Si haces el control de impulsos a la bobina independiente del movimiento del motor imagino que lograras que el motor no se mueva ( en el mejor de los casos ) y posiblemente dañar fisicamente el motor mismo.

Lo que alguna vez he visto es algun circuito que con el fin de lograr una duracion mas larga de los platinos hace circular por los platinos solo una corriente pequeña de control, y esta corriente de control conmuta algun dispositivo semiconductor que hace la funcion de los platinos.

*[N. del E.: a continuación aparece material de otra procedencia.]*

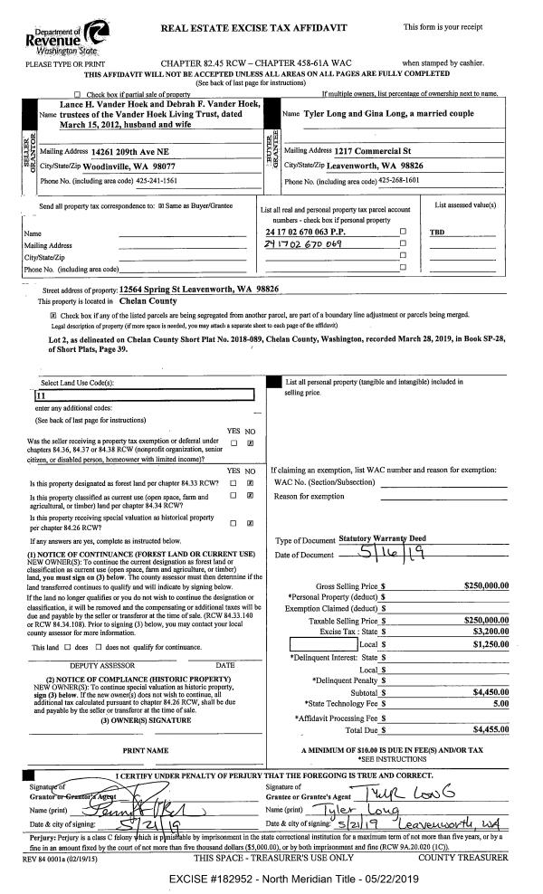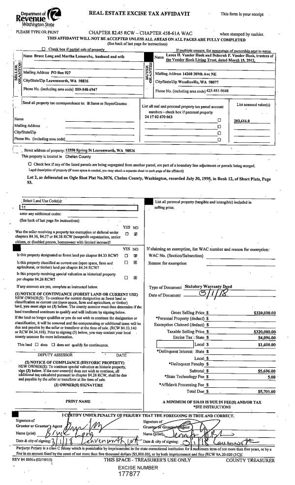 | 2 | 03/01/2018 | SWD | Statutory Warranty Deed | LONG BRUCE & MARTHA LAMARCHE | VANDER HOEK LIVING TRT | | | $320,000.00 | 177877 | 2473823 |

De esa forma, al ser pequeña la corriente que atraviesa los platinos, estos tienen una duracion mayor.


----------



## patricio147 (May 30, 2009)

gx pero necesito mas información la cual con un diagrama y concecciones para realizar el dispocitivo. salu2.


----------



## electrodan (May 30, 2009)

Realmente se ve (disculpa que te lo diga) que no tienes idea del tema, así que *te sugiero que investigues PARA QUE necesitas ese circuito*. Dudo que te ayudemos con cualquier circuito, si ni siquiera sabes para que y por que lo necesitas exactamente.
Te podría describir de forma mas o menos amplificadora como funciona el motor de un auto, pero hay muchos libros y paginas web que te lo explican mejor de lo que lo haría yo.


----------



## Tomasito (May 30, 2009)

patricio147 dijo:
			
		

> Necesito saber como manejar la bobina de un auto q es a encendido por platinos la cual debo manejarla por medio de impulsos electricos....mi interes es fabricar un dispocitivo q mande los impulsos que se necesitan para que el motor funciones segun el tiempo que yo determine.... asi tmb necesito saber si me sirve este esquema para ello... http://www.pablin.com.ar/electron/circuito/varios/pwm-cc/index.htm   desde ya muchas gracias por sus respuestas!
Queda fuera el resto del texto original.